Mechanically removing lice and nits can be an effective method, but it is time consuming and often fails to eliminate an infestation. Because most eggs present will likely be non-viable, their removal is often impractical. Head lice and their eggs may be eliminated from the hair by combing the hair with an adequate louse or nit comb. Comb daily or at least every few days until no live lice are discovered for about two weeks. Use illumination, magnification and a good louse or nit comb to locate and remove the offending insects. Although the hair may appear 'peppered' with eggs, there generally are fewer than a dozen active lice on the head at any time. Adult female lice usually cement each egg to the base of a hair shaft near the skin. As the hair grows (from the base), these attached eggs are transported away from the scalp. Eggs more than about one-quarter of one inch away from the scalp are nearly always hatched and do not, by themselves, indicate an active infestation.
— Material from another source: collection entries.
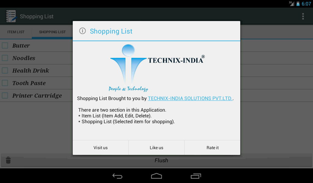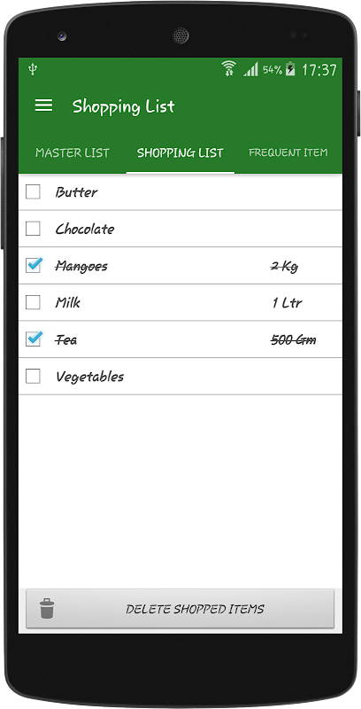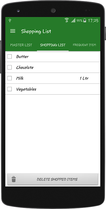 While shopping, you will be on the Shopping List tab and you will see only those items that you selected from the Item List. As soon as you place an item in your shopping basket/kart/trolley you can tap on that item and the item gets stroked off, denoting you have already picked up that item and placed it in your bag/kart.
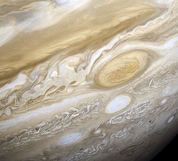 Знімки верхніх шарів кольорових хмар Юпітера, зроблені «Вояджерами», нагадують багатьом полотна художників-імпресіоністів. Найдрібніші деталі у Великій червоній плямі (найпомітніша область на фото, яку утворює велетенський вихор-антициклон) та навколо неї зазнали суттєвих змін упродовж чотирьох місяців між прольотами «Вояджерів-1» і «2».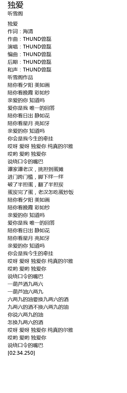 | [02:27.500] | 哎哟 爱哟 独爱你 |

Diverse types of fine-toothed combs may be included within packages of pediculicides or they may be purchased from virtually any drug store, pet supply store (often at a discount) or via the Internet. Some louse combs are better than others; their effectiveness depends on a) their composition (metal vs. plastic) and construction (length and spacing of the comb teeth), b) the texture of the hair to be combed, c) the technique used to comb, and d) the time and care expended in the effort. Whereas straight hair is usually readily combed, tight curls may present an impossible and impractical challenge. Hair should be cleaned and well-combed or brushed to remove tangles before attempting to use a louse comb. Clean the louse comb frequently to remove any lice or eggs caught between the teeth of the comb.
If the hair is readily combed, the process may require just minutes per day. If it requires significantly more time or effort, one should question whether this method is wise or practical. Some parents prefer to comb, even if it may require several hours each night for several nights to tackle the problem. An entertaining video may help keep the child (and adult) occupied during this exercise. Sit behind the child, and use a suitably bright (but cool) light, and magnification if available, to inspect and comb through the hair, one small section at a time. Repeat until no more active lice are observed. Some parents report that water, vegetable oils or hair conditioners help lubricate the hair and ease the combing process; others report that these lubricants make it more difficult to see the eggs.
‘Electronic’ louse combs that resemble small bug ‘zappers’, or those with oscillating teeth are available and are claimed to be superior to standard combs. Such devices would seem to offer little advantage, if any, over a well-designed traditional louse comb. Teeth of these devices may not effectively reach to the scalp and may not kill or remove eggs.